Others like Maud fell for the bait. At least ten senior managers, coming from major airlines, airports, large French and American corporations, a former police officer … all firmly believed in this project. Some quit their jobs to join; some French expats even made their way back to France.

Share capital of one billion 

The story began last February, when Air Next registered with the Paris Commercial Court. The new company stated it was developing an application that would allow the purchase of airline tickets by using cryptocurrency, at unbeatable prices and with an automatic guarantee in case of cancellation or delay, via a "smart contract" system (a computer protocol that facilitates, verifies and oversees the handling of a contract).

The firm declared a share capital of one billion euros, with offices under construction at 50, Avenue des Champs Elysées, and a president, Philippe Vincent ... which was probably a usurped identity.

Last summer, Air Next started recruiting. The company also wanted to raise money to have the assets on hand to allow passenger compensation. It organized a fundraiser using an ICO, or "Initial Coin Offering", via the issuance of digital tokens, transacted in cryptocurrencies through the blockchain.

While nothing obliged him to do so, the company owner went as far as setting up a file with the AMF, France's stock market regulator which oversees this type of transaction. Seeking the market regulator stamp is optional, but when issued, it gives guarantees to those buying tokens.

screenshot of the typo that revealed the Air Next scam

The infamous typo that brought the Air Next scam down

compta online

Raising Initial Coin Offering 

Then, on Sept. 30, the AMF issued an alert, by way of a press release, on the risks of fraud associated with the ICO, as it suspected some documents to be forgeries. A few hours before that, Air Next had just brought forward by several days the date of its tokens pre-sale.

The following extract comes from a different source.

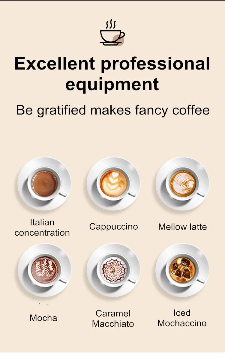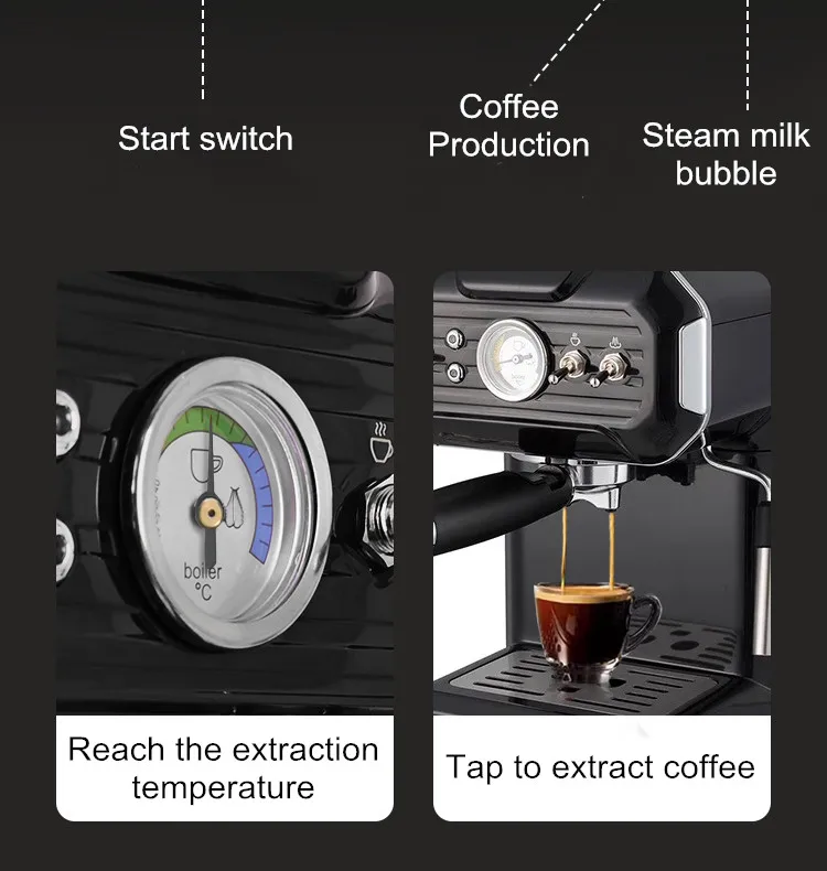 ماكينة قهوة نصف آلية ، تركيز إيطالي صغير ، استخلاص بالضغط العالي ، بخار رغوي ، ماكينة الكل في واحد ، منزلية

For employees of the new company, it was a brutal wake-up call. They quickly understood that they had been duped, that they'd bet on the proverbial house of cards. On the investor side, the CEO didn't get beyond an initial fundraising of 150,000 euros. He was hoping to raise millions, but despite his failure, he didn't lose confidence. Challenged by one of his employees on Telegram, he admitted that "many documents provided were false", that "an error cost the life of this project."

What was the "error" he was referring to? A typo in the name of the would-be bank backing the startup. A very small one, at the bottom of the page of the false bank certificate, where the name "Edmond de Rothschild" is misspelled "Edemond".

Finding culprits 

Before the AMF's public alert, websites specializing in crypto-assets had already noted certain inconsistencies. The company had declared a share capital of 1 billion euros, which is an enormous amount. Air Next's CEO also boasted about having discovered bitcoin at a time when only a few geeks knew about cryptocurrency.

Employees and investors filed a complaint. Failing to find the general manager, Julien Leclerc — which might also be a fake name — they started looking for other culprits. They believe that if the Paris Commercial Court hadn't registered the company, no one would have been defrauded.

Beyond the handful of victims, this case is a plea for the implementation of more secure procedures, in an increasingly digital world, particularly following the pandemic. The much touted ICO market is itself a victim, and may find it hard to recover.